W 21. kolejce I ligi piłkarze ręczni Wisły Sandomierz pokonali w Zawierciu miejscowy Viret CMC po serii rzutów karnych 5:3. Po 60 minutach był remis 26:26, a do przerwy prowadzili gospodarze 17:14.
– W pierwszej połowie graliśmy dobrze, ale zawaliliśmy ostatnie 10 minut. Za szybko chcieliśmy kończyć akcje. Były nieprzygotowane rzuty, po których gospodarze mieli kontry i to oni prowadzili w przerwie różnicą trzech bramek. Po zmianie stron mecz był bardzo wyrównany. Viret prowadził, ale tylko różnicą jednego – dwóch goli. My wyszliśmy na prowadzenie w 58 min.

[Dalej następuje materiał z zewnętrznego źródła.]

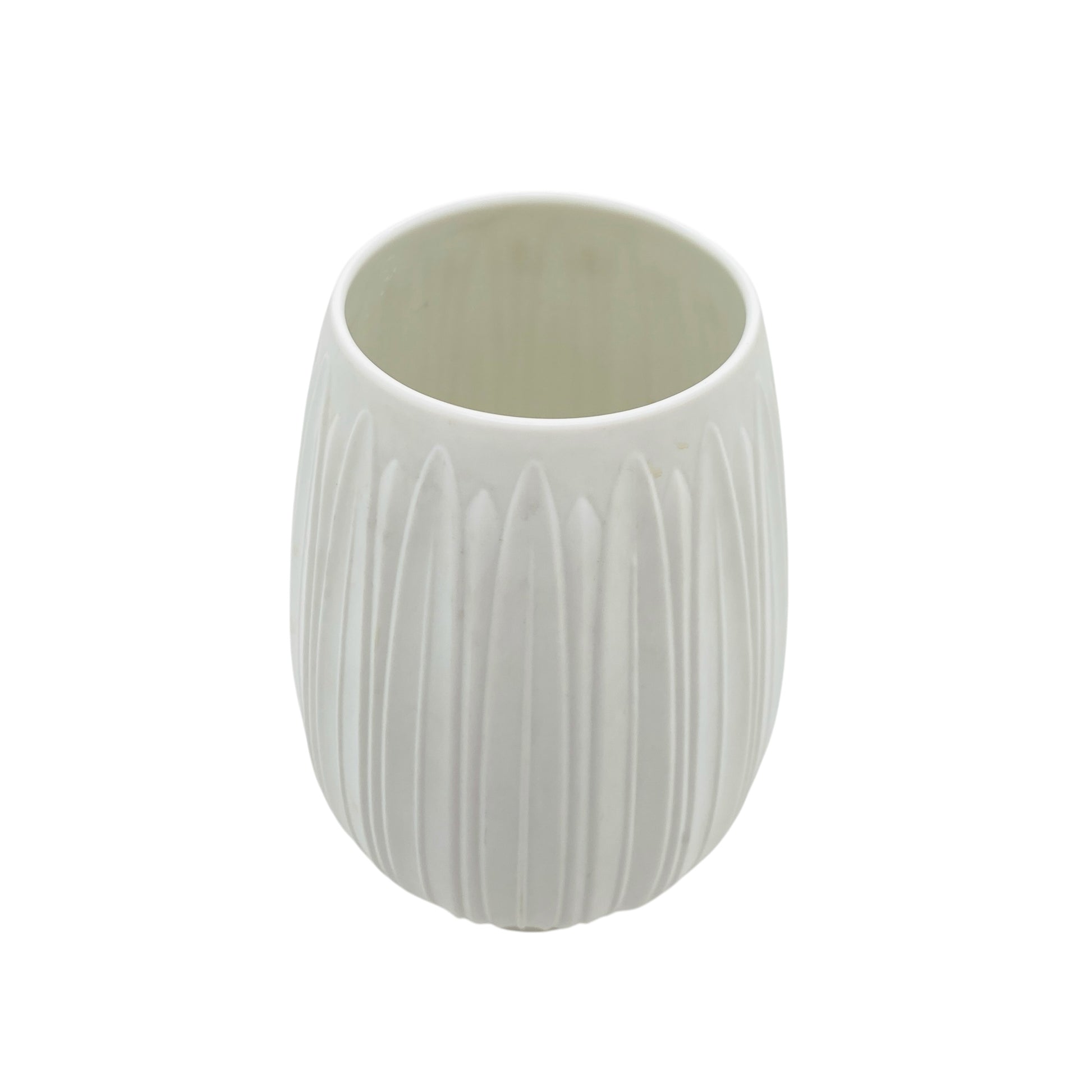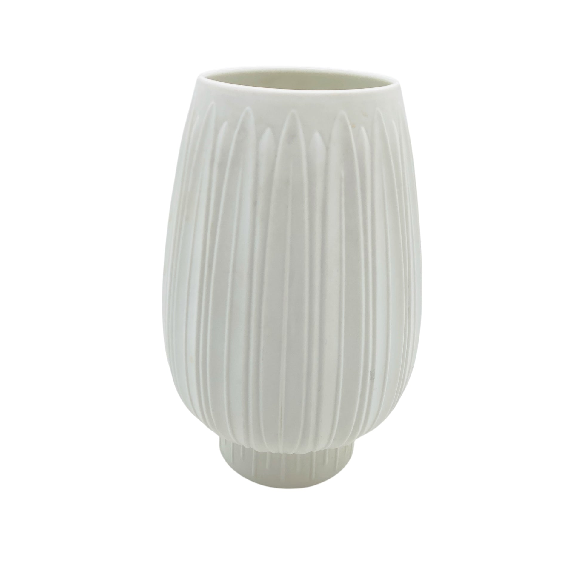 Die H & C Selb Bavaria Heinrich Vase aus weißem, mattem Bisquit-Porzellan stammt aus den 60er und 70er Jahren und steht exemplarisch für hochwertige Handwerkskunst jener Zeit. Das zeitlose Design und die samtige Oberfläche unterstreichen die traditionsreiche Produktion von Selb Bavaria. Diese Vase eignet sich ideal für Sammler und Liebhaber von mid-century Dekor, die authentische und elegante Porzellanobjekte schätzen.

Na 14 sekund przed końcem gospodarze wyrównali i doszło do karnych. Nasz młody bramkarz, 17-letni Hubert Nowak w czwartej serii odbił rzut rywala, a Aleksy Radwański wykorzystał swoją „siódemkę” i dwa punkty jadą z nami do Sandomierza – podsumował na antenie Radia Kielce trener zespołu z Królewskiego Miasta Adam Węgrzynowski.
Za tydzień w ostatniej kolejce sezonu Wisła Sandomierz zagra przed własną publicznością z Orłem Przeworsk. Spotkanie w hali przy ul. Patkowskiego rozpocznie się w sobotę 20 maja o godzinie 14.00.